Almost all newts are cold water creatures, so no heating is required. Eastern newts specifically are very intolerant of warm water and will quickly sicken and die if exposed to tropical conditions for any length of time.
 
Hi Corey, I totally agree with Chinadog re the temperature for your Eastern newts. Does your home drop below 55F? These newts would prefer it cooler as the water is able to hold more dissolved oxygen for these active animals.
Now, this is all complicated by your inclusion of other animals. Guppies prefer warm water and I'm not sure about the tree frogs but I bet they'd prefer it warmer than your newts.

Caudata Culture Species Entry - Notophthalmus viridescens - Eastern Newt
 
Also, I just wanted to point out, species mixing is extremely bad and difficult to do, even if your animals don't kill each other. Sorry to put it bluntly, but it's the truth. This mix is especially bad due to the newts being toxic, tree-frogs being large enough to eat said newts and die from it, tree-frogs needing to climb and newts needing large water areas, and newts needing cool water and the tree-frogs needing warmer temperatures, each out of range of each other.

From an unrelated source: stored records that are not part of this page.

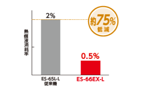 *日立旧型(ES-65EX-L)および当社後継機エクセレント(ES-66EX-L)製品比較
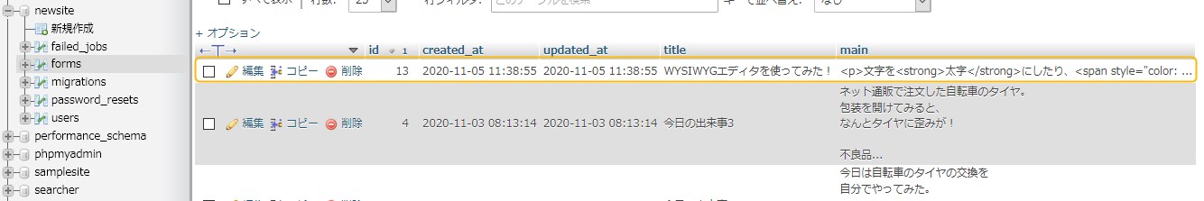 また、実際にphpMyAdminから、データがどう保存されているのかを見てみましょう。
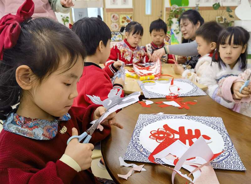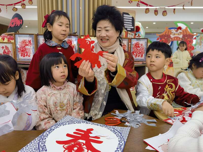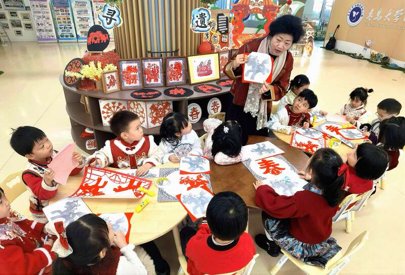 1月13日,青岛市崂山金融区实验幼儿园,非遗剪纸传承人苏霞正在为小朋友们讲解剪纸的制作方法。当日,非遗代表性传承人和志愿者在这里手把手教小朋友们制作具有新春年味和马年元素的非遗产品。近年来,青岛市崂山区以社团为载体,将剪纸、拓印画、竹编、崂山武术、扎染蓝印花布等丰富多彩的非遗项目带入校园,全年开展活动百余场,为校园文化生活注入鲜活的文化韵味,也让国家级、省市级非物质文化遗产在青少年心中播下了传承的种子。李庚伟/摄
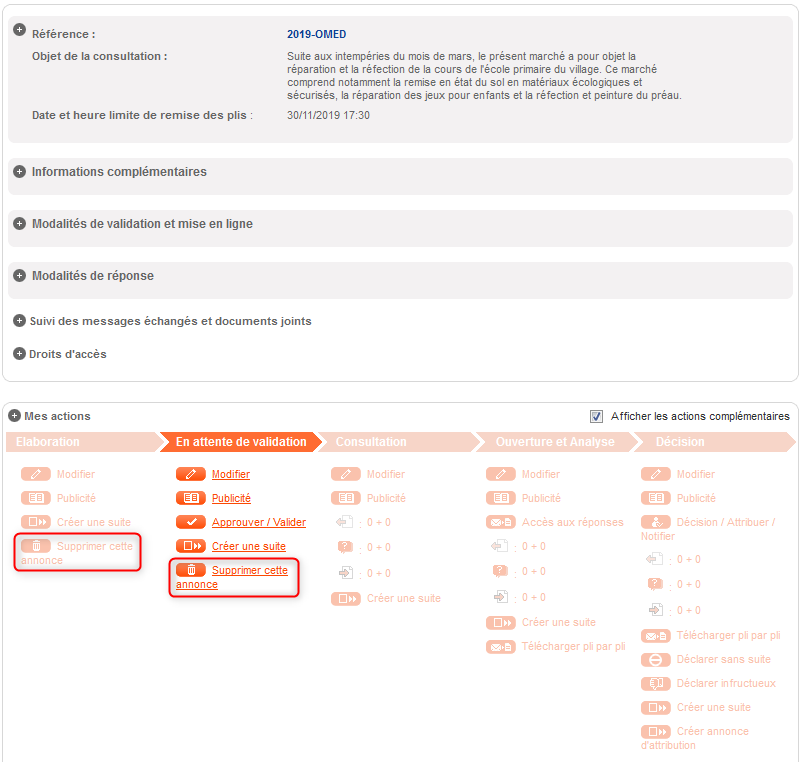 Il n'est possible de supprimer une consultation qu'au deux premières étapes du processus achats de la Salle des Marchés :

Here's some helpful articles to help you figure out what to do about making different tanks for them: Caudata Culture Articles - Species Mixing Disasters Caudata Culture Species Entry - Notophthalmus viridescens - Eastern Newt Frog Forum - White's Tree Frog Care - Litoria caerulea (And white-lipped tree-frogs have the same care as the White's tree-frog as well) Caudata Culture Articles - Cycling Caudata Culture Articles - Preventing Escape Caudata Culture Articles - Food Items for Captive Caudates And for your sake and your animals sake, I really hope you read some of the very helpful articles I provided!:D
 
I've been a member of this site for a while and have this discussion before in 2012 when I had even more of a variation in my 55 gallon tank. The tree frogs have heat lamps than don't affect the water temperature. My bed room is usually about 78 degrees so the tanks water temperature without a heater is at a decent temperature. The interaction of the tank is fine because the animals don't interact or fight for food. I don't have them yet but Fire bellied toads have been in a 55 gallon tank for fire belly newts before successfully before.
 
Terrible idea to house eastern newts with tree frogs.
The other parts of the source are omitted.